Distributed System I
整理DS笔记,突然想给Tag换个封面,去照相迎面碰见男神Daniel❤️ 开心~ 现在去请还欠一顿饭的by腿吃饭(/ω\) 待会和Katrina女神健身~假期就是这么美滋滋\(//∇//)/
第一部分主要侧重于基于分布式系统和Go语言的同步。Daniel上课手舞足蹈真可爱 /(//∇//)/❤
Classical Synchronization & Go Style Concurrency
Concurrency 一致性
Concurrency是DS的核心之一,因为在访问共享资源时要保证安全和多路传输(safe/multiplexed)。
Single Node 模式:
一些相关概念:
- Critical Section 临界区: piece of code accessing a shared resource 访问共用资源的程序片段
- Race Condition 竞争: Multiple threads of execution enter CS at the same time, update shared resource, leading to undesirable outcome 多线程同时进入临界区更新共享资源导致不可预测的结果
- Indeterminate Program: one or more Race Conditions, output ofprogram depending on ordering, non deterministic 因存在竞争输出不确定的程序(比如我的Prj一开始总是惨不忍睹)
Solution: Mutual Exclusion 互斥锁
Desired Properties: Correctness, Efficiency, Fairness …我渣翻它做什么
例子:create thread safe FIFO queue
b.Init():
Initialize values
b.Insert(x)
Insert item into queue
b.Remove()
Block until queue not empty (if necessary) Return element at head of queue
b.Flush():
Clear queue
Emmm… 觉得自己513学的略渣
版本1: mutex
b.Init():
b.sb = NewBuf()
b.mutex = 1
b.Insert(x):
b.mutex.lock()
b.sb.Insert(x)
b.mutex.unlock()
b.Remove():
b.mutex.lock()
x = b.sb.Remove() // 如果Remove在空buffer时调用?
b.mutex.unlock()
return x
b.Flush():
b.mutex.lock()
b.sb.Flush()
b.mutex.unlock()
...
b.Remove():
b.mutex.lock()
b.items.P() // items--, if items < 0 wait
x = b.sb.Remove()
b.mutex.unlock()
return x
...
空buffer调用Remove,调用P,会产生死锁
版本2: Candition Variables 条件变量
- cvars provide a sync point, one thread suspended until activated by another
- always associated with mutex
- Wait() and Signal() operations defined with cvars
cvar.Wait(): Must be called after locking mutex.

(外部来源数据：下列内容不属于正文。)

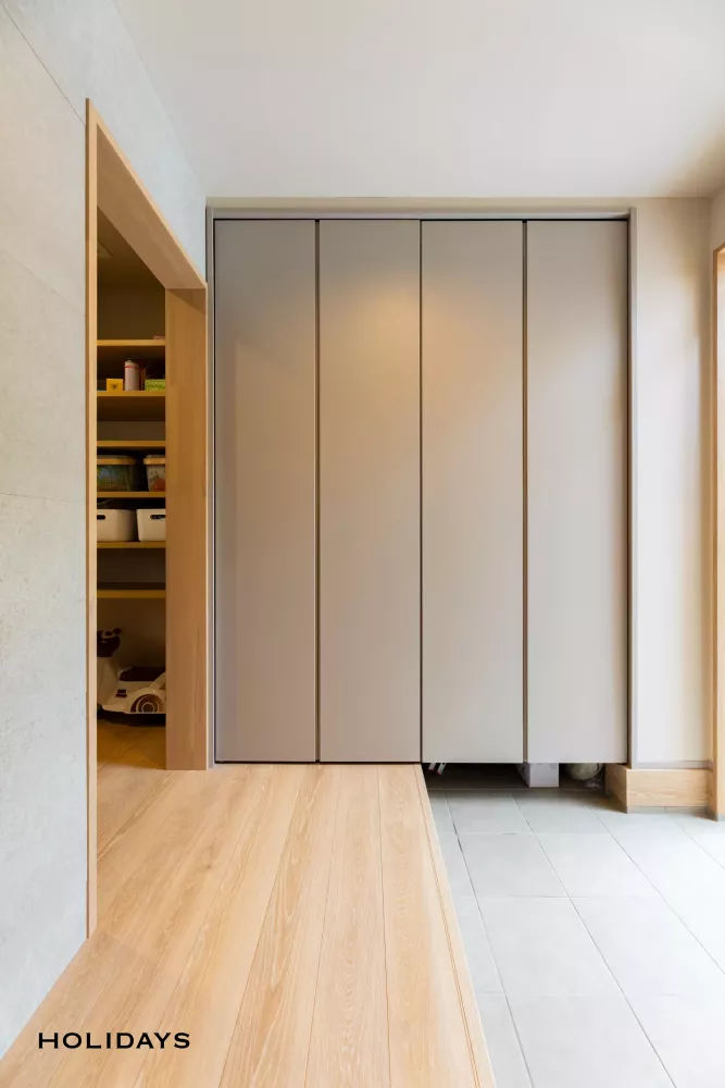 玄関ホールには、家族分の靴やベビーカーなどを収納するのに十分なスペースを確保。ごちゃごちゃしやすい玄関収納も建具を設置することでスッキリ見せることができる。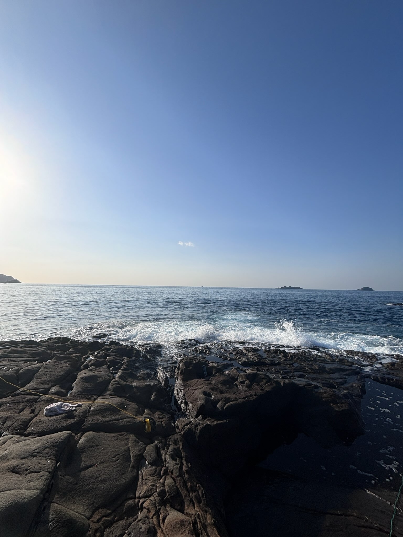釣場着く前にいい天気という事もあり、砂浜で景色を写真撮影。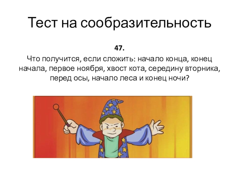 Что получится, если сложить: начало конца, конец начала, первое ноября, хвост кота, середину вторника, перед осы, начало леса и конец ночи?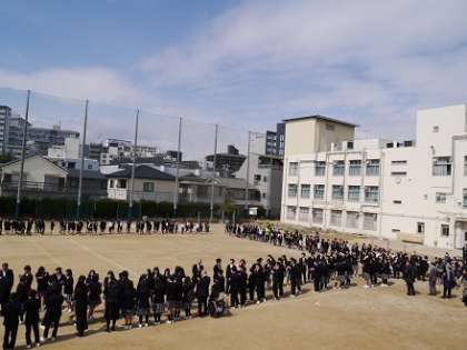 3月14日(木)、今日は快晴となりましたが、冬を思い出させるような寒い朝となりました。午前10時から、小中一貫校「むくのき学園」大阪市立中島中学校 「第68回卒業証書授与式」を挙行いたしました。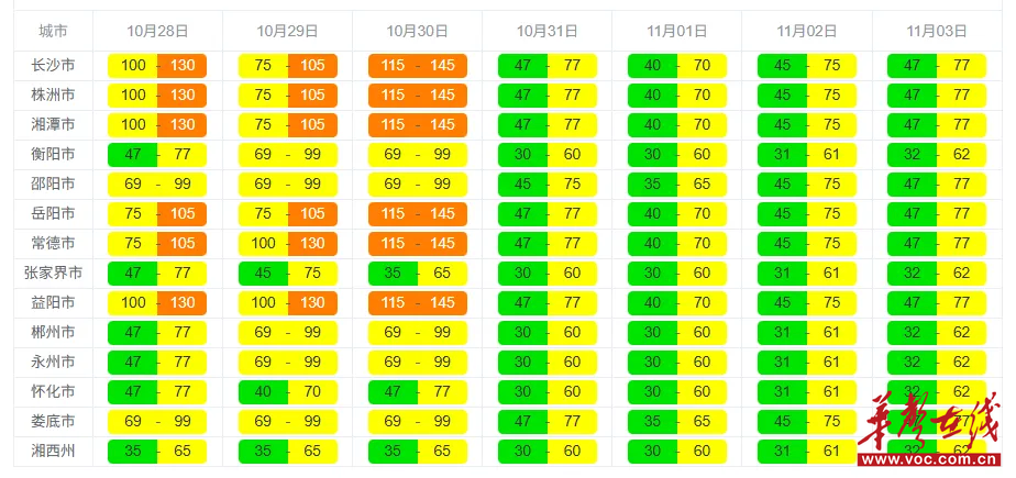 華聲在線10月28日訊(全媒體記者 趙瞳銥 實習生 李彥冰)記者今天從省生態環境監測中心獲悉本周(10月28日至11月3日)全省空氣質量預報。10月28日至30日,湘中、湘北地區有輕度污染風險;10月31日至11月3日全省大部有明顯降水,擴散條件較好,空氣質量優至良。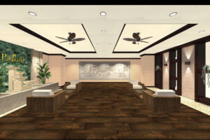 エントランスホールは、淡い色味の中で緑色の大理石の壁がアクセントとなり高級感あふれる空間となっております。正面には、バリ現地の職人が手彫りして製作したストーンカービングを設置し、ソファセットと相まってリゾートホテルのような空間を演出しています。

Atomically: release mutex & suspend operation When resume, lock mutex (but maybe not right away) cvar.Signal(): If no thread suspended, then NO-OP Wake up (at least) one suspended thread.
b.Init():
b.sb = NewBuf()
b.mutex = 1
b.cvar = NewCond(b.mutex)
b.Insert(x):
b.mutex.lock()
b.sb.Insert(x)
b.sb.Signal()
b.mutex.unlock()
b.Remove():
b.mutex.lock()
while b.sb.Empty() {
b.cvar.wait()
}
x = b.sb.Remove()
b.mutex.unlock()
return x
b.Flush():
b.mutex.lock()
b.sb.Flush()
b.mutex.unlock()
就是注意Remove里要用while而不是if来检查当前的状态,当多个线程访问buffer时while会保证原子性,而不会发生一个release lock导致了多个retake lock出现,唤醒多个wait,造成错误。
Semaphores VS. Mutex
Mutexes: used to protect the shared resources from concurrent access. For example, Readers Writers problem.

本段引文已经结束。